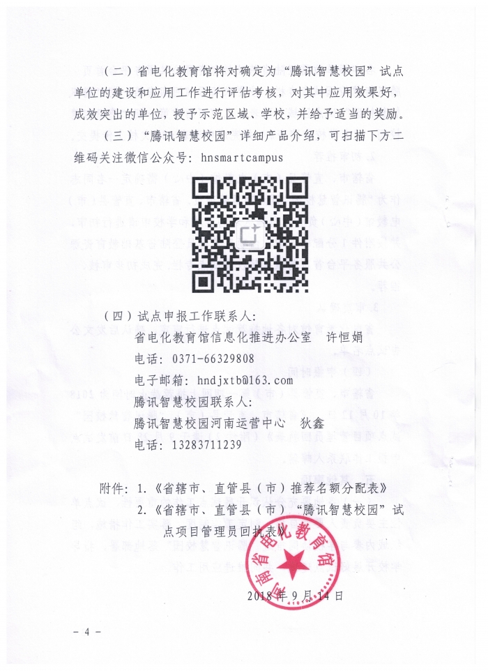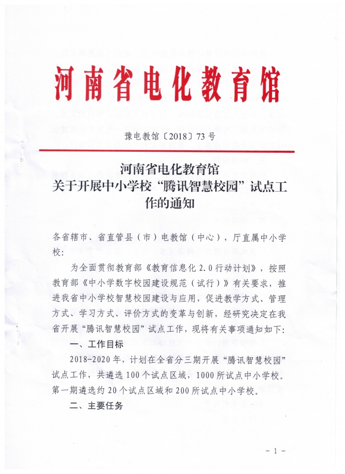 河南省电化教育馆关于开展中小学校“腾讯智慧校园”试点工作的通知
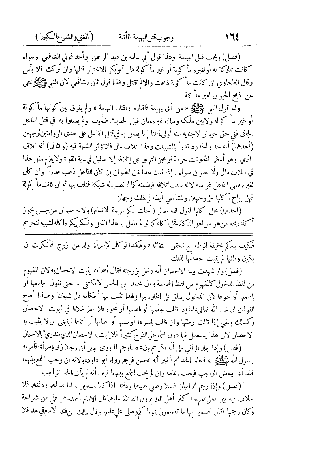 فكيف يحكم بحقيقة الوطئ مع تحقق انتفائه؟ وهكذا لو كان لامرأة ولد من زوج فأنكرت أن يكون وطئها لم يثبت إحصانها لذلك (فصل) ولو شهدت بينة الاحصان أنه دخل بزوجته فقال أصحابنا يثبت الاحصان به لأن المفهوم من لفظ الدخول كالمفهوم من لفظ المجامعة (وقول) محمد بن الحسن لا يكتفى به حتى تقول جامعها أو باضعها أو نحوها لأن الدخول يطلق على الخلوة بها ولهذا تثبت بها أحكامه قال شيخنا وهذا أصح القولين إن شاء الله تعالى، أما إذا قالت جامعها أو باضعها أو نحوه فلا نعلم خلافاً في ثبوت الاحصان وكذلك ينبغي إذا قالت وطئها وان قالت باشرها أو مسها أو أصابها أو أتاها فينبغي أن لا يثبت به الاحصان لأن هذا يستعمل فيما دون الجماع في الفرج كثيراً فلا يثبت به الإحصان الذي يندرئ بالاحتمال (فصل) وإذا جلد الزاني على أنه بكر ثم بان محصناً رجم لما روى جابر أن رجلا زنى بامرأة فأمر به رسول الله صلى الله عليه وسلم به فجلد الحد ثم أخبر أنه محصن فرجم رواه أبو داود، ولأنه إن وجب الجمع بينهما فقد أتى ببعض الواجب فيجب إتمامه وإن لم يجب الجمع بينهما تبين أنه لم يأت بالحد الواجب (فصل) وإذا رجم الزانيان غسلا وصلي عليهما ودفنا إذا كانا مسلمين، أما غسلهما ودفنهما فلا خلاف فيه بين أهل العلم، وأكثر أهل العلم يرون الصلاة عليهما قال الامام أحمد سئل علي عن شراحة وكان رجمها فقال اصنعوا بها ما تصنعون بموتاكم وصلى علي عليها وقال مالك من قتله الامام في حد فلا
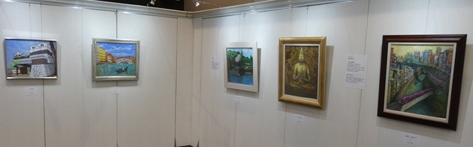 一口に絵画と言っても、画題は「大日如来坐像」、「雨のオンフルール」などと名前が付けられていて、描かれる対象は、静物、風景、人物、抽象画、想像上のものなど様々である。材料も油絵、アクリル、水彩、鉛筆(色鉛筆)、パステル、版画、水墨など多様だ。長年絵画を愛して制作を続けて来られたのだろう。それぞれの作品には味わい(個性)が感じられる。油絵などは、一つの作品を仕上げるのに何か月もかかることもあるらしい。その間の作者の気持ちが作品の個性として表れてくるのだろうか。展示全体の印象は、美しさや驚きを強調する装飾的なものというよりも、暖かさ、優しさ、懐かしさを感じさせる作品が多かった。私は見ていて安らぎを覚えた。案内して下さったMさんに感謝している。
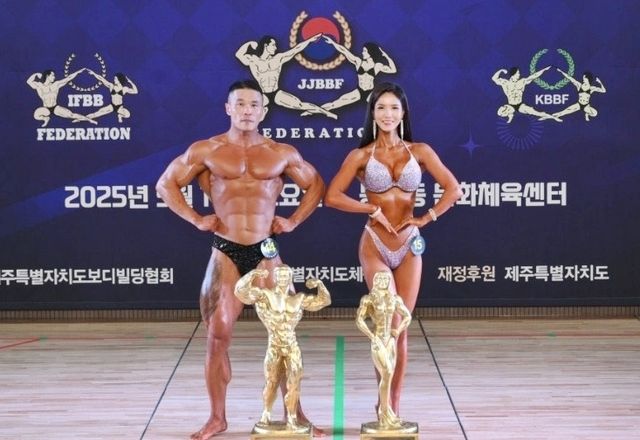 [한라일보] 유창현과 김민서(제주자치도보디빌딩협회)가 2025년 제주 최고 몸짱에 올랐다.
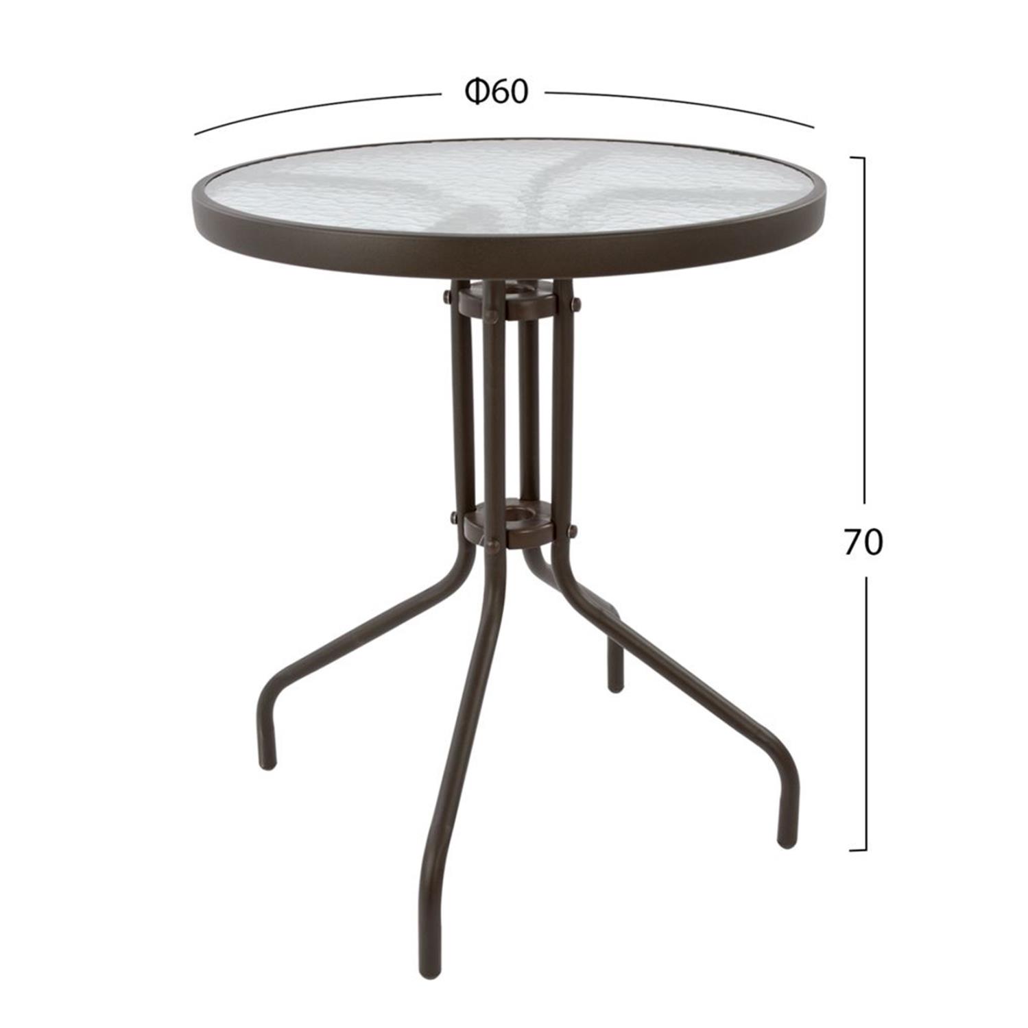 Σετ εξωτερικού χώρου με στρογγυλό τραπέζι με ΚΑΦΕ μεταλλικό σκελετό και γυάλινη θολή ΕΝΙΣΧΥΜΕΝΗ επιφάνεια και 2 μεταλλικές πτυσσόμενες καρέκλες με textilene, σε ΚΑΦΕ χρώμα.
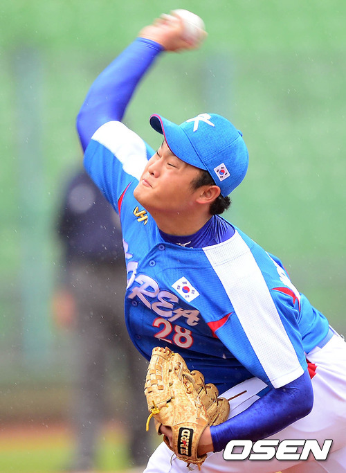 30일 오후 대만 타이중 인터컨티넨탈구장에서 열린 '제26회 아시아야구선수권대회' 한국과 파키스탄의 경기 1회말 한국 선발 홍성무가 역투하고 있다.
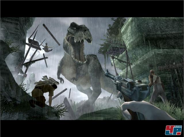 Für die größte Abwechslung sorgen allerdings die Abschnitte, in denen ihr nicht mehr als Jack unterwegs seid, sondern in die behaarte Haut des Riesenaffen schlüpft. Dabei schaltet das Spiel von der Egoperspektive in eine 3rd-Person-Ansicht um, in der ihr es mit allen Sauriern und Eingeborenen aufnehmt, die eurer geliebten Ann an die Wäsche wollen. Bis auf den letzten Abschnitt in New York ist die Kamera fest fixiert, fängt das Geschehen aber insgesamt gut ein und sorgt für kinoreife Schnitte. Besonders spektakulär sind die Finishing Moves, mit denen Kong den fast ebenbürtigen V-Rex oder den fliegenden Black Terapusmordax ein Ende bereitet, indem Flügel vom Körper gerissen oder mit Reißzähnen bestückte Kiefer gebrochen werden. Insgesamt machen die Kong-Abschnitte nur einen relativ kleinen Teil des Spiels auch, doch kommen sie immer genau zum richtigen Zeitpunkt – nämlich genau dann, wenn die Erkundungen mit Jack gerade wieder auf dem Weg sind, etwas öde zu werden. Das gesamte Abenteuer wird euch etwas über zehn Stunden beschäftigen. Um den Wiederspielwert zu steigern, könnt ihr im Anschluss die Levels alle erneut spielen und bekommt Punkte für eure Leistungen, mit denen ihr weiteres Bonusmaterial freischalten könnt. Neben dem Filmtrailer warten etliche Artworks auf euch und wer beim Zocken das gewisse Flair alter Filme erleben will, kann dazu einfach einen entsprechenden Filter freischalten.

> [WHAT TO PRODUCE] Everything in the records except the pictures should be retyped exactly.

> [SOLUTION TO THIS EXERCISE]
 河南省电化教育馆关于开展中小学校“腾讯智慧校园”试点工作的通知
 فكيف يحكم بحقيقة الوطئ مع تحقق انتفائه؟ وهكذا لو كان لامرأة ولد من زوج فأنكرت أن يكون وطئها لم يثبت إحصانها لذلك (فصل) ولو شهدت بينة الاحصان أنه دخل بزوجته فقال أصحابنا يثبت الاحصان به لأن المفهوم من لفظ الدخول كالمفهوم من لفظ المجامعة (وقول) محمد بن الحسن لا يكتفى به حتى تقول جامعها أو باضعها أو نحوها لأن الدخول يطلق على الخلوة بها ولهذا تثبت بها أحكامه قال شيخنا وهذا أصح القولين إن شاء الله تعالى، أما إذا قالت جامعها أو باضعها أو نحوه فلا نعلم خلافاً في ثبوت الاحصان وكذلك ينبغي إذا قالت وطئها وان قالت باشرها أو مسها أو أصابها أو أتاها فينبغي أن لا يثبت به الاحصان لأن هذا يستعمل فيما دون الجماع في الفرج كثيراً فلا يثبت به الإحصان الذي يندرئ بالاحتمال (فصل) وإذا جلد الزاني على أنه بكر ثم بان محصناً رجم لما روى جابر أن رجلا زنى بامرأة فأمر به رسول الله صلى الله عليه وسلم به فجلد الحد ثم أخبر أنه محصن فرجم رواه أبو داود، ولأنه إن وجب الجمع بينهما فقد أتى ببعض الواجب فيجب إتمامه وإن لم يجب الجمع بينهما تبين أنه لم يأت بالحد الواجب (فصل) وإذا رجم الزانيان غسلا وصلي عليهما ودفنا إذا كانا مسلمين، أما غسلهما ودفنهما فلا خلاف فيه بين أهل العلم، وأكثر أهل العلم يرون الصلاة عليهما قال الامام أحمد سئل علي عن شراحة وكان رجمها فقال اصنعوا بها ما تصنعون بموتاكم وصلى علي عليها وقال مالك من قتله الامام في حد فلا
 一口に絵画と言っても、画題は「大日如来坐像」、「雨のオンフルール」などと名前が付けられていて、描かれる対象は、静物、風景、人物、抽象画、想像上のものなど様々である。材料も油絵、アクリル、水彩、鉛筆(色鉛筆)、パステル、版画、水墨など多様だ。長年絵画を愛して制作を続けて来られたのだろう。それぞれの作品には味わい(個性)が感じられる。油絵などは、一つの作品を仕上げるのに何か月もかかることもあるらしい。その間の作者の気持ちが作品の個性として表れてくるのだろうか。展示全体の印象は、美しさや驚きを強調する装飾的なものというよりも、暖かさ、優しさ、懐かしさを感じさせる作品が多かった。私は見ていて安らぎを覚えた。案内して下さったMさんに感謝している。
 [한라일보] 유창현과 김민서(제주자치도보디빌딩협회)가 2025년 제주 최고 몸짱에 올랐다.
 Σετ εξωτερικού χώρου με στρογγυλό τραπέζι με ΚΑΦΕ μεταλλικό σκελετό και γυάλινη θολή ΕΝΙΣΧΥΜΕΝΗ επιφάνεια και 2 μεταλλικές πτυσσόμενες καρέκλες με textilene, σε ΚΑΦΕ χρώμα.
 30일 오후 대만 타이중 인터컨티넨탈구장에서 열린 '제26회 아시아야구선수권대회' 한국과 파키스탄의 경기 1회말 한국 선발 홍성무가 역투하고 있다.
 Für die größte Abwechslung sorgen allerdings die Abschnitte, in denen ihr nicht mehr als Jack unterwegs seid, sondern in die behaarte Haut des Riesenaffen schlüpft. Dabei schaltet das Spiel von der Egoperspektive in eine 3rd-Person-Ansicht um, in der ihr es mit allen Sauriern und Eingeborenen aufnehmt, die eurer geliebten Ann an die Wäsche wollen. Bis auf den letzten Abschnitt in New York ist die Kamera fest fixiert, fängt das Geschehen aber insgesamt gut ein und sorgt für kinoreife Schnitte. Besonders spektakulär sind die Finishing Moves, mit denen Kong den fast ebenbürtigen V-Rex oder den fliegenden Black Terapusmordax ein Ende bereitet, indem Flügel vom Körper gerissen oder mit Reißzähnen bestückte Kiefer gebrochen werden. Insgesamt machen die Kong-Abschnitte nur einen relativ kleinen Teil des Spiels auch, doch kommen sie immer genau zum richtigen Zeitpunkt – nämlich genau dann, wenn die Erkundungen mit Jack gerade wieder auf dem Weg sind, etwas öde zu werden. Das gesamte Abenteuer wird euch etwas über zehn Stunden beschäftigen. Um den Wiederspielwert zu steigern, könnt ihr im Anschluss die Levels alle erneut spielen und bekommt Punkte für eure Leistungen, mit denen ihr weiteres Bonusmaterial freischalten könnt. Neben dem Filmtrailer warten etliche Artworks auf euch und wer beim Zocken das gewisse Flair alter Filme erleben will, kann dazu einfach einen entsprechenden Filter freischalten.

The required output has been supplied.